Management of Hypertension in Patients with Cardiac Disease: Use of Renin-Angiotensin Blocking Agents

  • L. Michael Prisant, MD

      Affiliations

    • Corresponding Author InformationRequests for reprints should be addressed to L. Michael Prisant, MD, Divisions of Hypertension and Clinical Pharmacology, Medical College of Georgia, HB-2010, 1467 Harper Street, Augusta, Georgia 30912.

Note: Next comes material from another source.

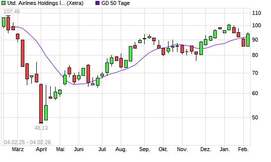 Mit dem Anstieg auf 93,73 EUR hat die United Airlines-Aktie am 03.02.2026 die 50-Tage-Linie nach oben gekreuzt.

Hypertension and Pharmacology Unit, Medical College of Georgia, Augusta, Georgia, USA

Abstract 

Inhibition of renin-angiotensin system (RAS) activity using angiotensin-converting enzyme inhibitors or angiotensin II receptor blockers (ARBs) is beneficial in patient populations with left ventricular dysfunction or systolic heart failure (HF) and other forms of heart disease. In high-risk patients with coronary heart disease (CHD), treatment with these agents reduces the mortality rate and improves secondary outcomes. Individuals with stable CHD who are at lower risk benefit less from treatment. RAS inhibition also provides some clinical benefit to patients with diastolic HF and preserved left ventricular function. Left ventricular hypertrophy (LVH) is a strong predictor of cardiovascular events and all-cause mortality in patients with hypertension. Treatment with an ARB reduces the risk for adverse cardiovascular outcomes in patients with hypertension and LVH. The benefits correlate with regression of LVH, and the effect is independent of the degree of blood pressure lowering. Finally, studies indicate that a history of hypertension in patients who have not had a myocardial infarction (MI) increases the risk for HF after MI; the risk is decreased in patients with hypertension who receive treatment with a RAS inhibitor.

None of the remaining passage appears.